--- EXERCISE ---
Lines from the one containing "Our revelations are" through the last line of the data are to be returned exactly, both ends included, minus any pictures.

--- DATA EXTRACT ---
+ + + + +
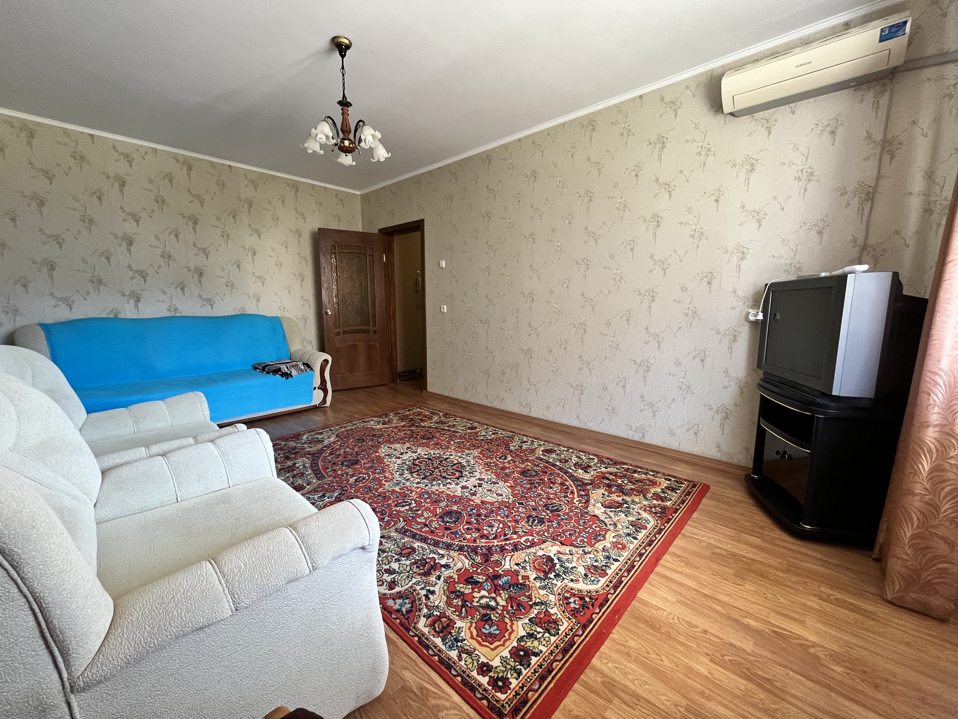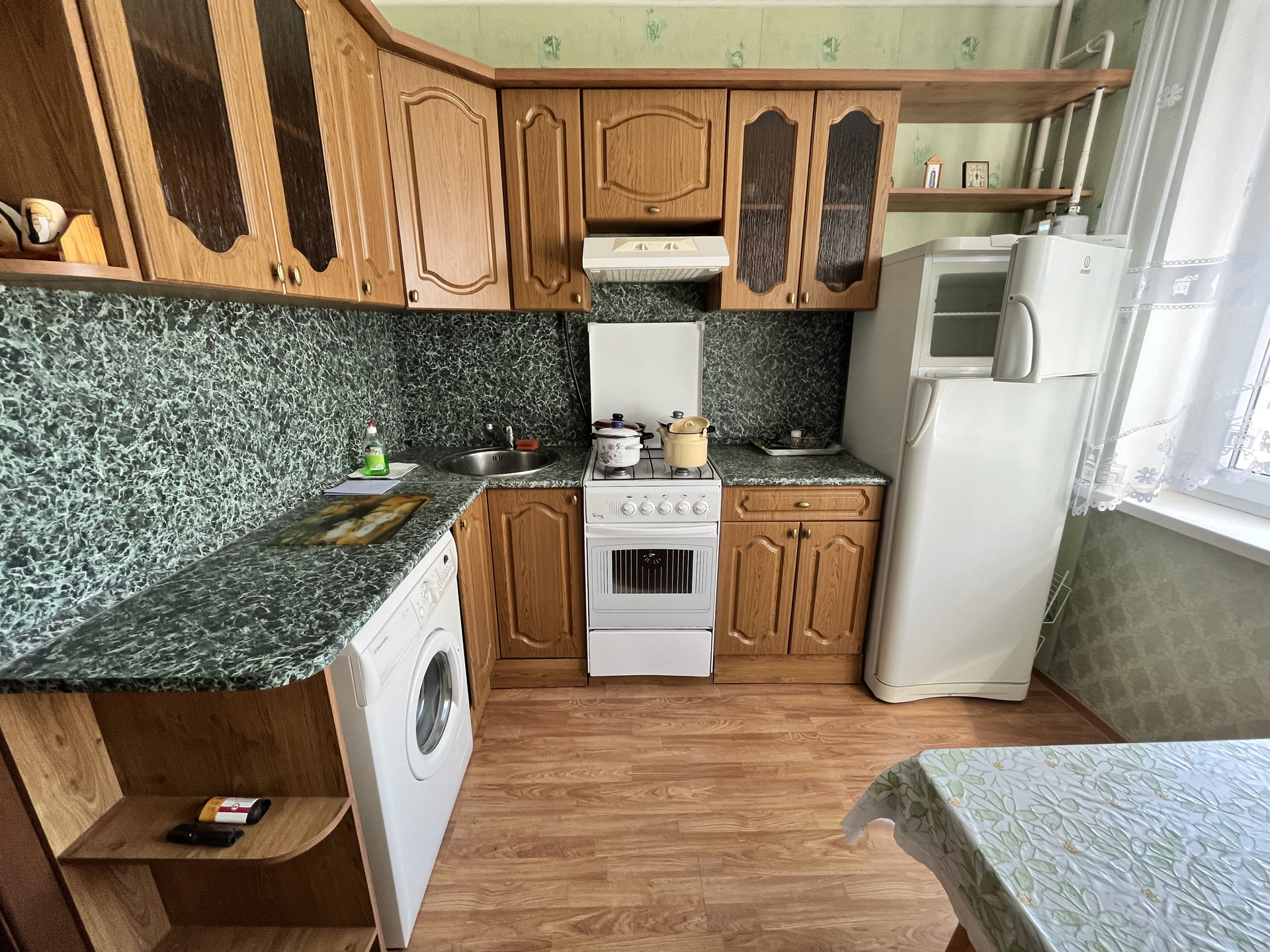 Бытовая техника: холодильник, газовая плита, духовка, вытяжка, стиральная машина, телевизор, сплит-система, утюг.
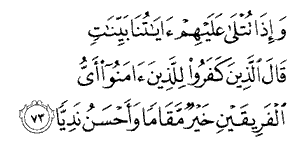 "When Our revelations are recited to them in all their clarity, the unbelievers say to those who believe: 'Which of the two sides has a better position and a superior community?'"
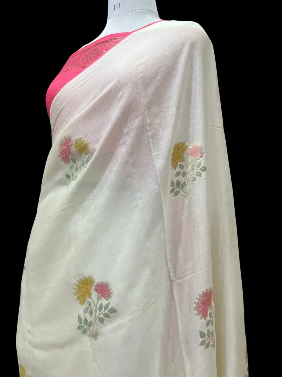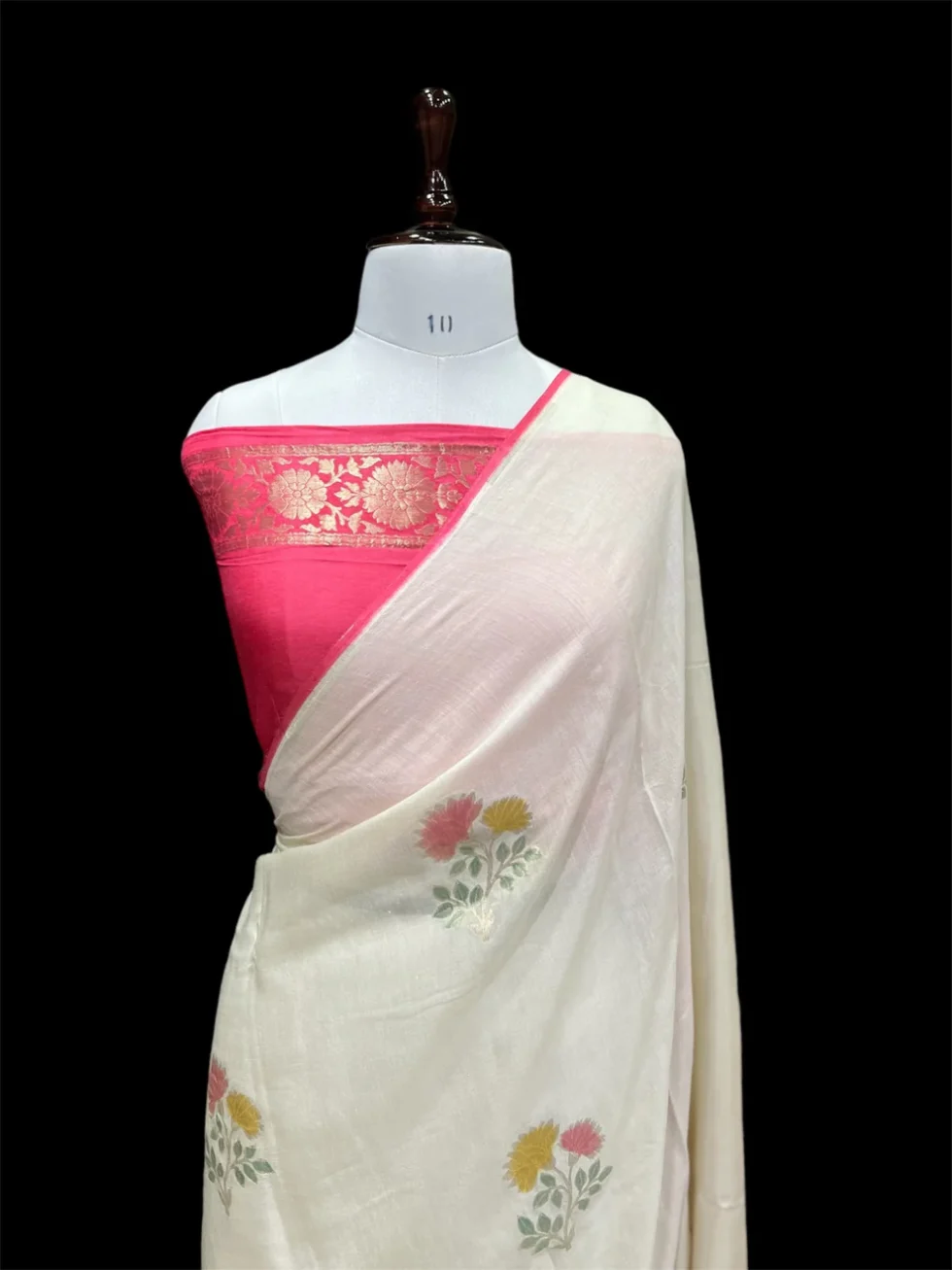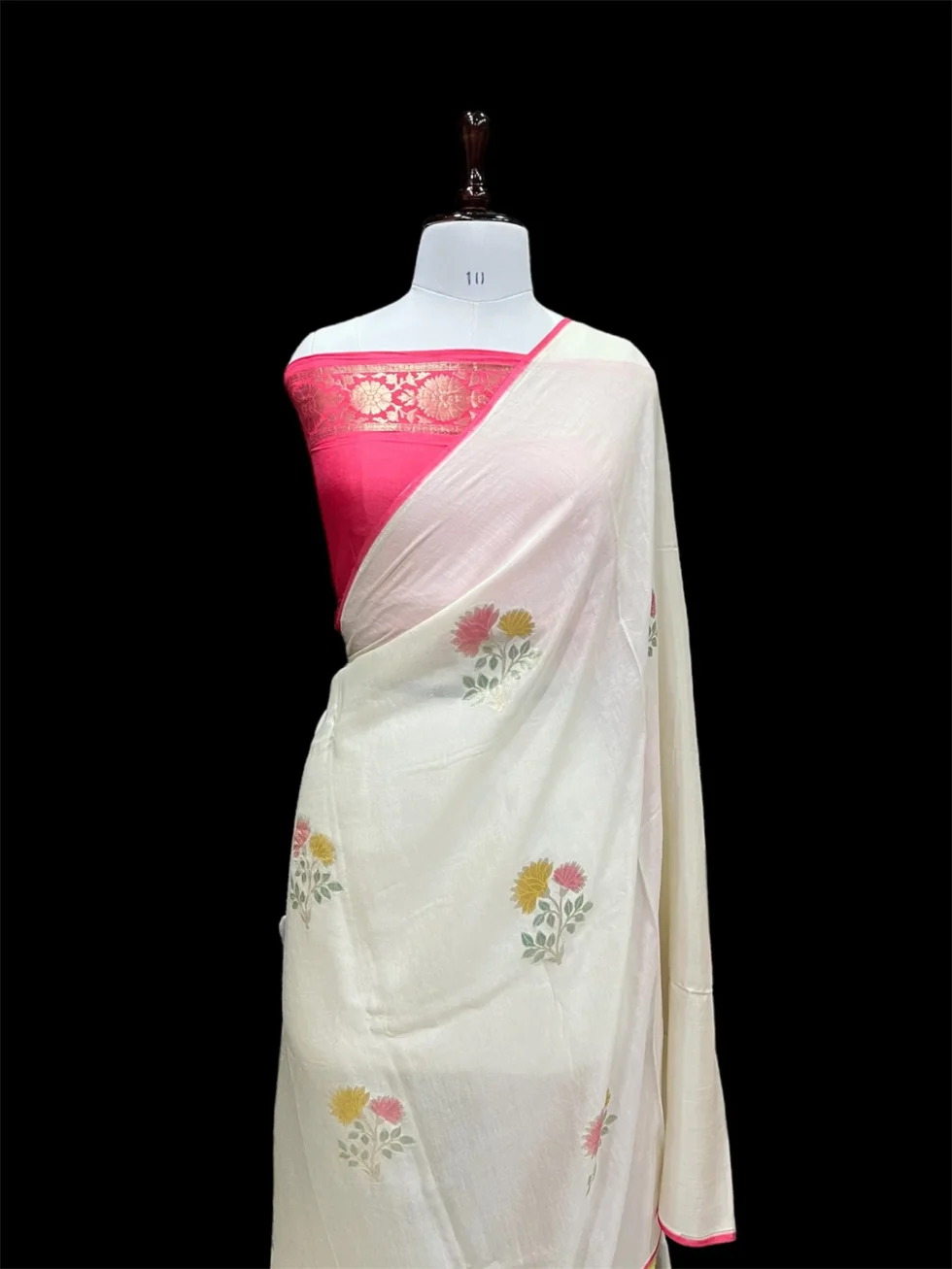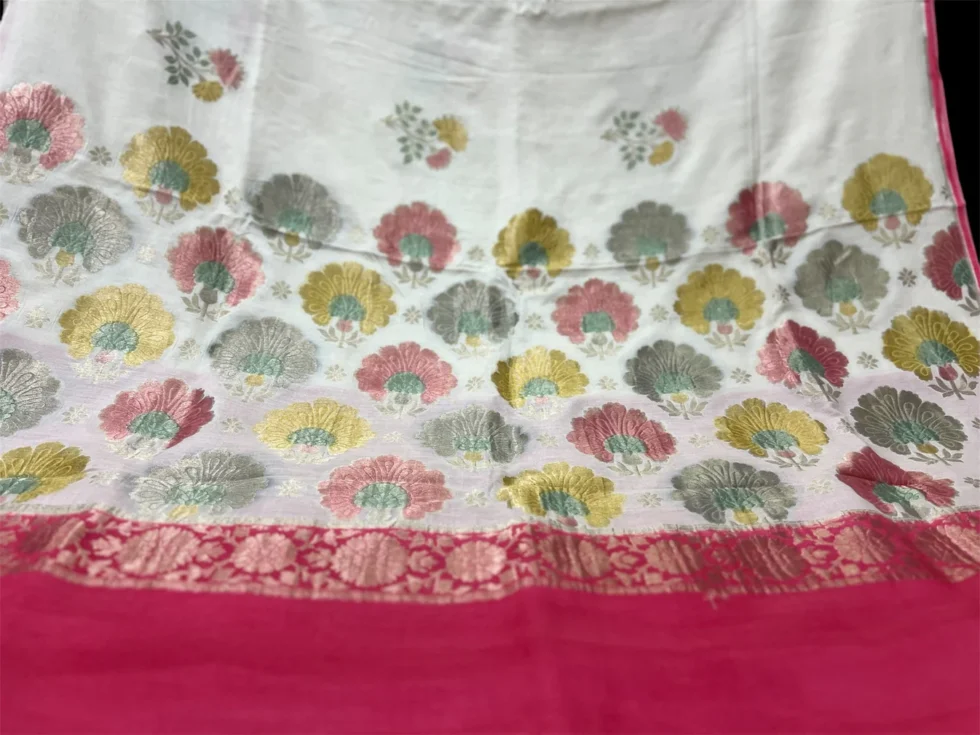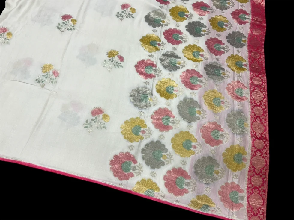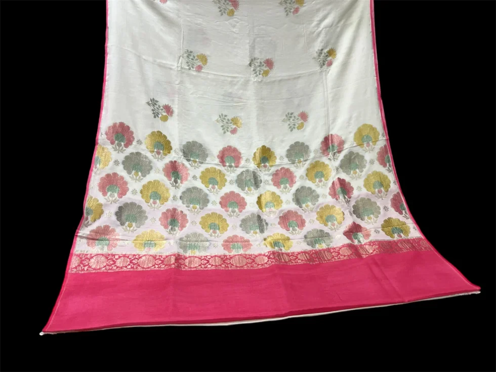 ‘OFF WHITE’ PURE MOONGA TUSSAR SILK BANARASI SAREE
+ + + + +
--- SOLUTION TO THIS EXERCISE ---
 "When Our revelations are recited to them in all their clarity, the unbelievers say to those who believe: 'Which of the two sides has a better position and a superior community?'"
 ‘OFF WHITE’ PURE MOONGA TUSSAR SILK BANARASI SAREE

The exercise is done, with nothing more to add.